Theatre / Reviews
Review: A Christmas Carol, Bristol Old Vic
From austerity to food banks, Charles Dickens’s Victorian tale of a miserly businessman too preoccupied with his own balance sheet seems less at odds with our society now than the 175-year gap might suggest.
Bristol Old Vic’s Year of Change finishes on a consciously bold streak as Dickens’s A Christmas Carol delves into the reasons behind why so many of us become insular. In Tom Morris’s adaption, the morality tale is turned into a rallying cry for a sense of community in a fragmented, individualistic world.
As Scrooge, played with a baritone sneer and intimidating stature by Felix Hayes, begins to outline all the ways he might swindle one his clients, it’s hard to tell if we’re in a contemporary boardroom or Dickensian London. The tale of the archetypal money-lender who refuses to get into the spirit of Christmas is set against the backdrop of the question of what happens when community is lost.
is needed now More than ever

Fleix Hayes as Scrooge in ‘A Christmas Carol’ at Bristol Old Vic. All pics: Geraint Lewis
With a story as familiar as this one, director Lee Lyford injects the traditional with theatrical magic in all the right places. As we anticipate Scrooge’s first visitation by Jacob Marley’s ghost – appearing in chains with a steampunk look and Americana soundtrack – Scrooge steps through the fourth wall, berating the liberal, communitarian and thoroughly Bristolian theatregoers in his audience. The show is inflected with hints of pantomime and carnival, unravelled to full effect in the riotously colourful climax. At one point, Scrooge is booed by children and adults alike.
Puppetry, a Tom Morris hallmark, is used by Lyford to great effect to add touches of childlike imagination. The staging works to highlight the central theme in Morris’s script: the possibility that a bit of magic might just save even the most narrow-minded.
The ghost of Christmas past appears as a white shawl draped over a spotlight, and a scene told through origami reveals the younger Scrooge’s love of fairy tales. Morris also updates Belle’s role in Scrooge’s past, present and future. Along with the injection of puppetry and magic, this creates a romantic dimension that only adds to the 21st-century update.
Gwyneth Herbert’s contemporary score keeps the energy up as we travel with Scrooge through his nightmarish ghostly visits. Lyford and Herbert have previously joined forces on The Snow Queen, and here Herbert’s score likewise overhauls Dickens’s Victorian London with a mix of Victoriana, folk-electro and modish swagger.

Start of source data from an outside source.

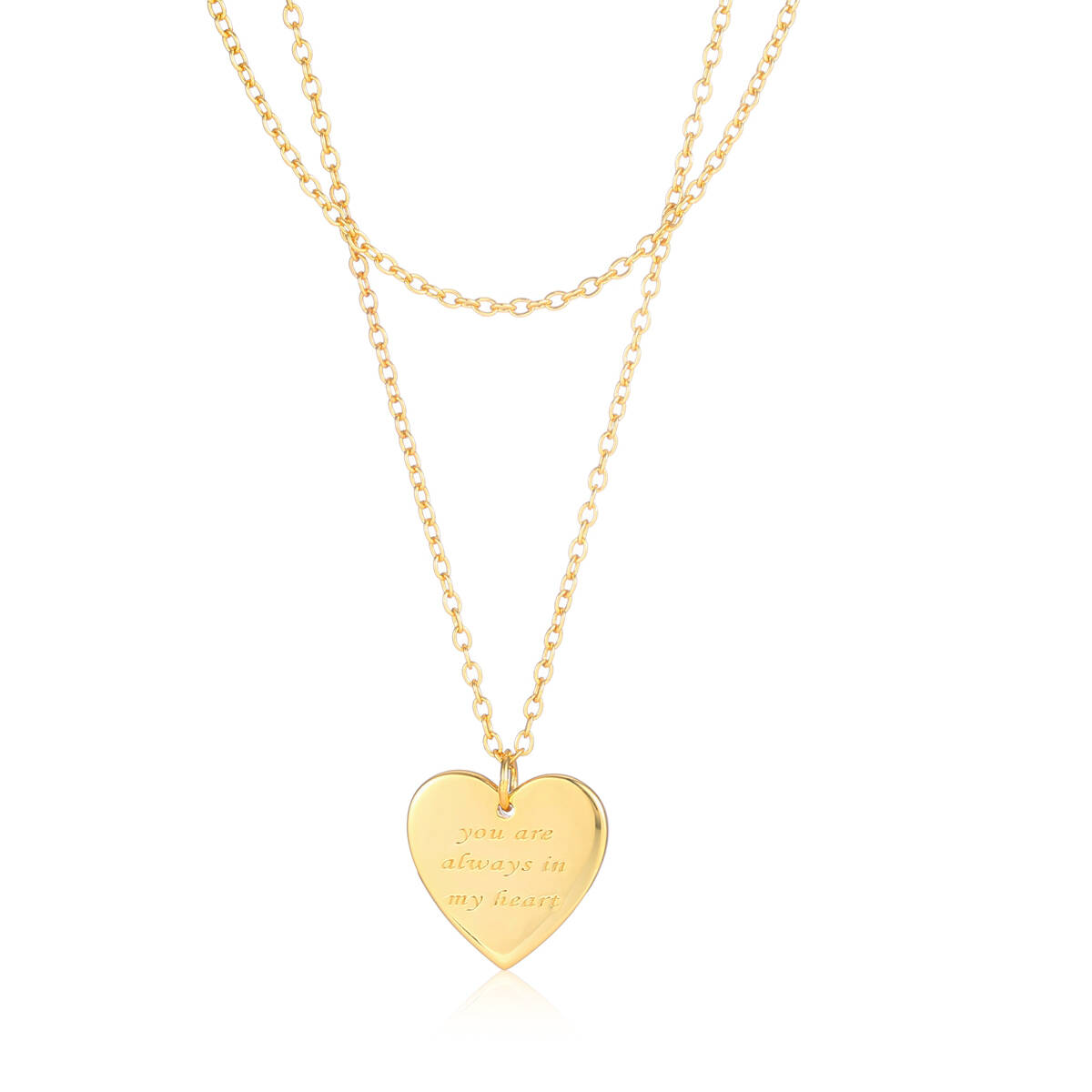 Engraved Layer Chain Heart Necklace - Brass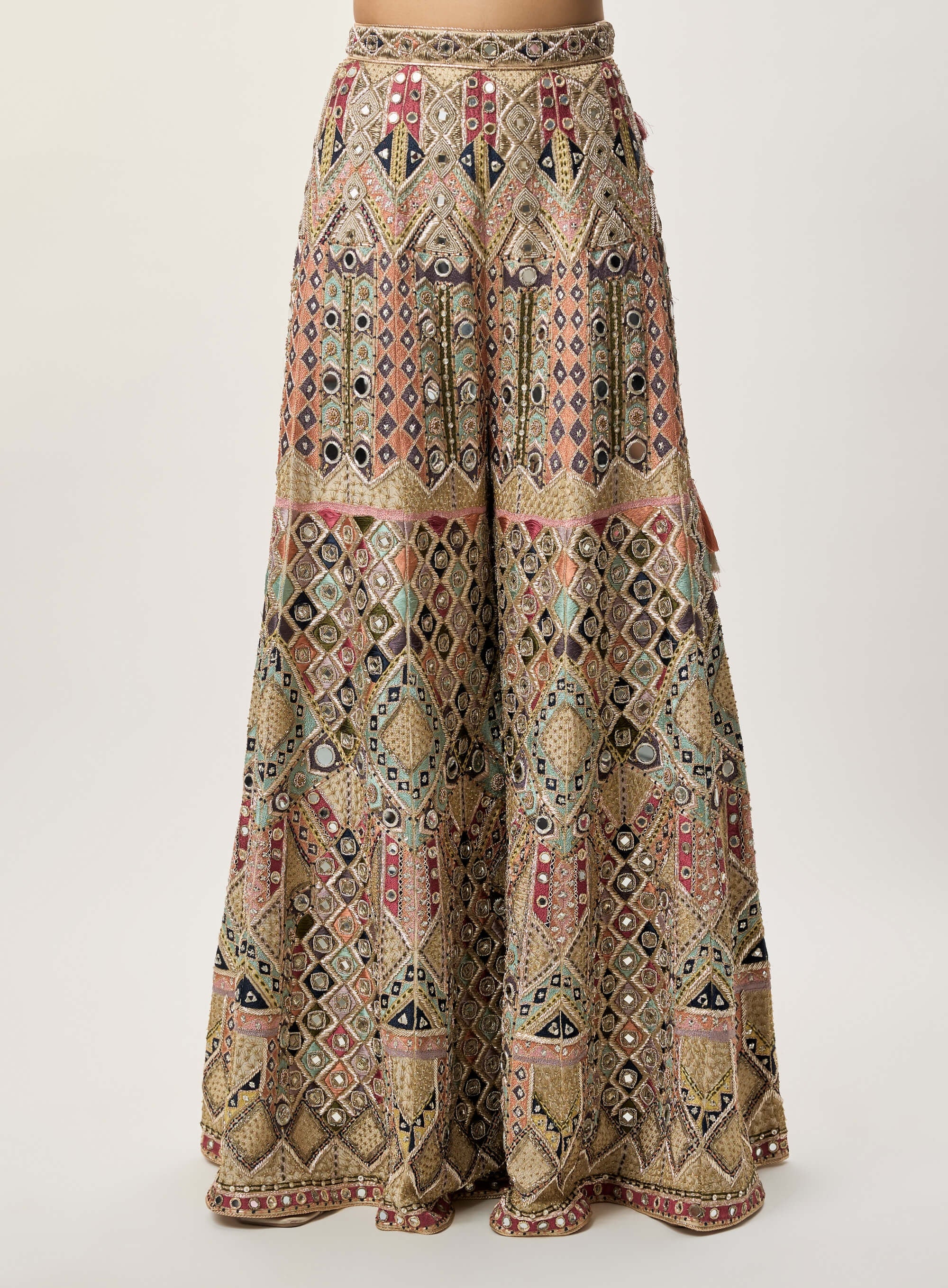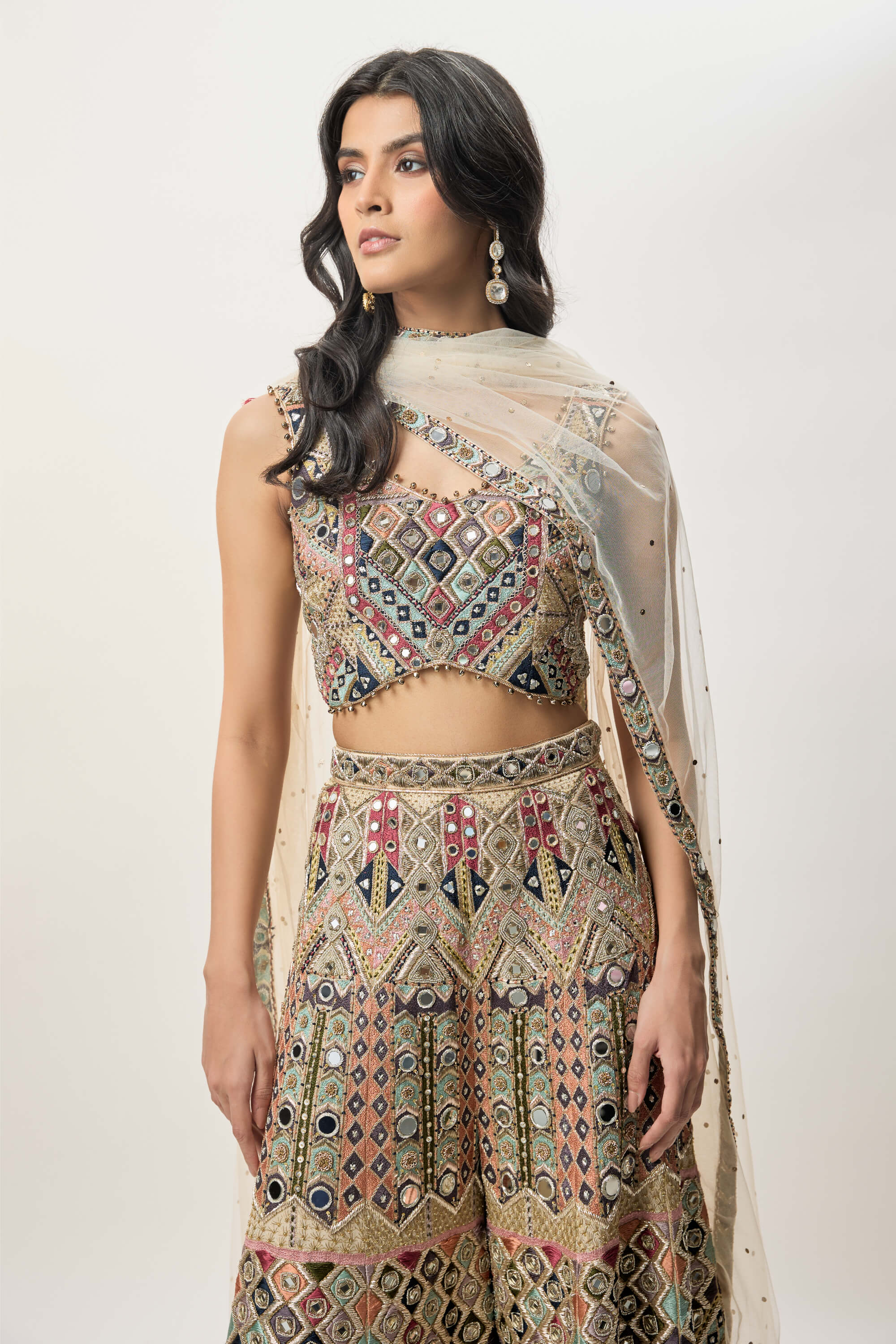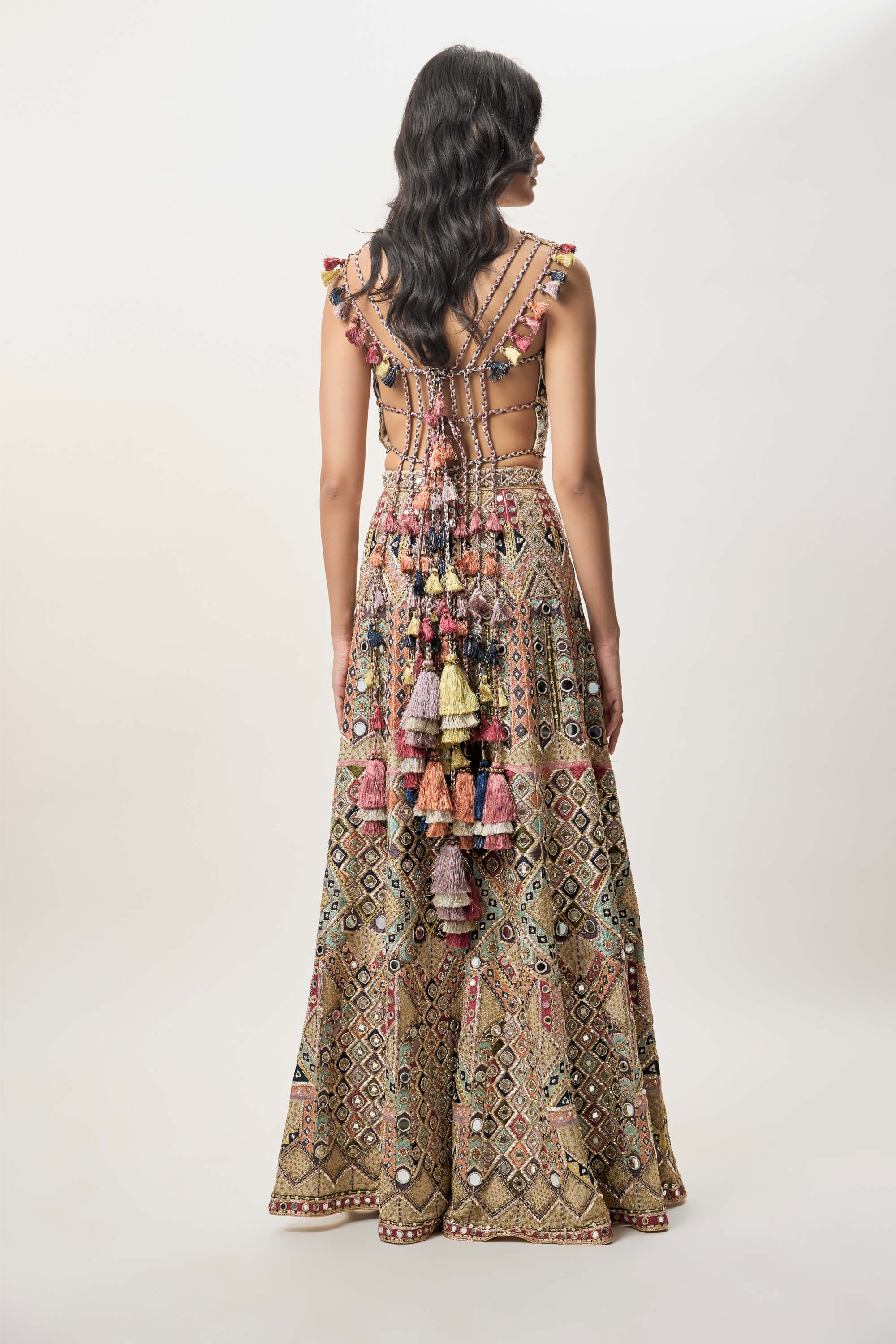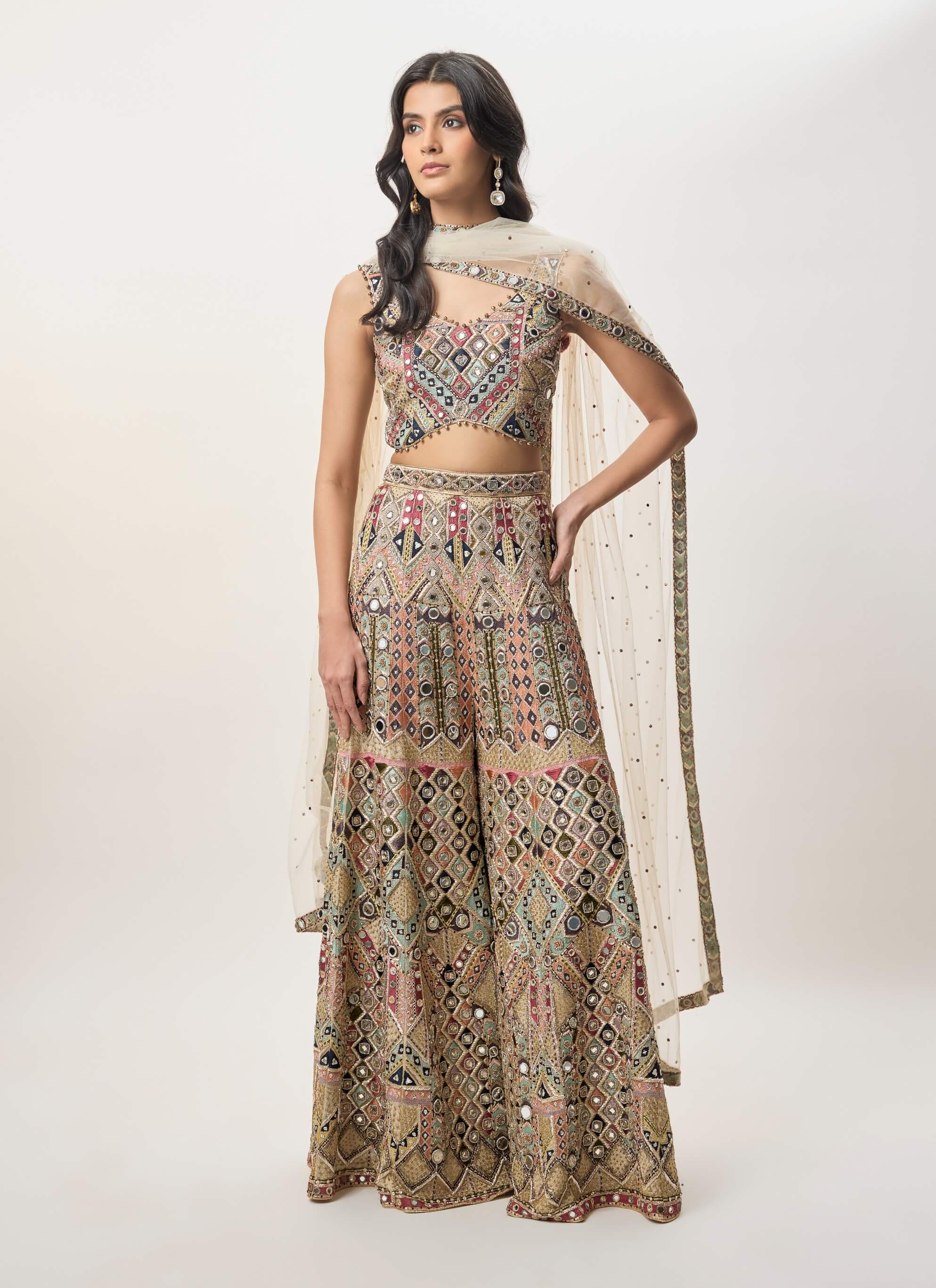 A champagne georgette choli detailed with mirror and thread embroidery. Tassel tie-ups at the back add a playful finish. Paired with an embroidered sharara for graceful movement. Completed with a sheer mukaish net dupatta for light elegance.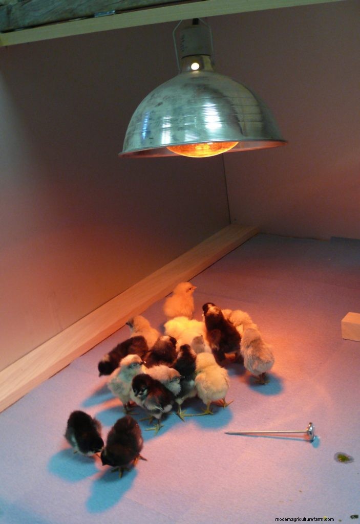 Baby chicks will have a natural instinct to peck—at food, the floor, and each other. Bright light causes stress in chicks and can lead to pecking, so use a red lamp bulb for heat. Each week or so, raise the heat lamp higher so that the floor temperature gradually decreases about 3 to 5 degrees. After the 8th or 9th week, they should be comfortable in room temperatures of about 65 to 68 degrees. Make sure to turn off any overhead lights at night.

Composer Gwyneth Herbert also features as the Ghost of Christmas Present
Scrooge’s moral transformation takes place mostly in the theatre’s stalls, creating a hilariously tongue-in-cheek bit of audience participation. In a world where stark contrasts between wealth and class keeps many of us atomised, the boisterous optimism of this Christmas Carol is infectious.

Saikat Ahamed and cast members in A Christmas Carol
As the world of Poor Laws, workhouses and brutal prisons transforms into colour and the spirit of Christmas, the refrain “Lets change the world today because tomorrow we might die” rings out across Bristol Old Vic. It’s a punchy modern manifesto, one that Dickens would thoroughly get behind.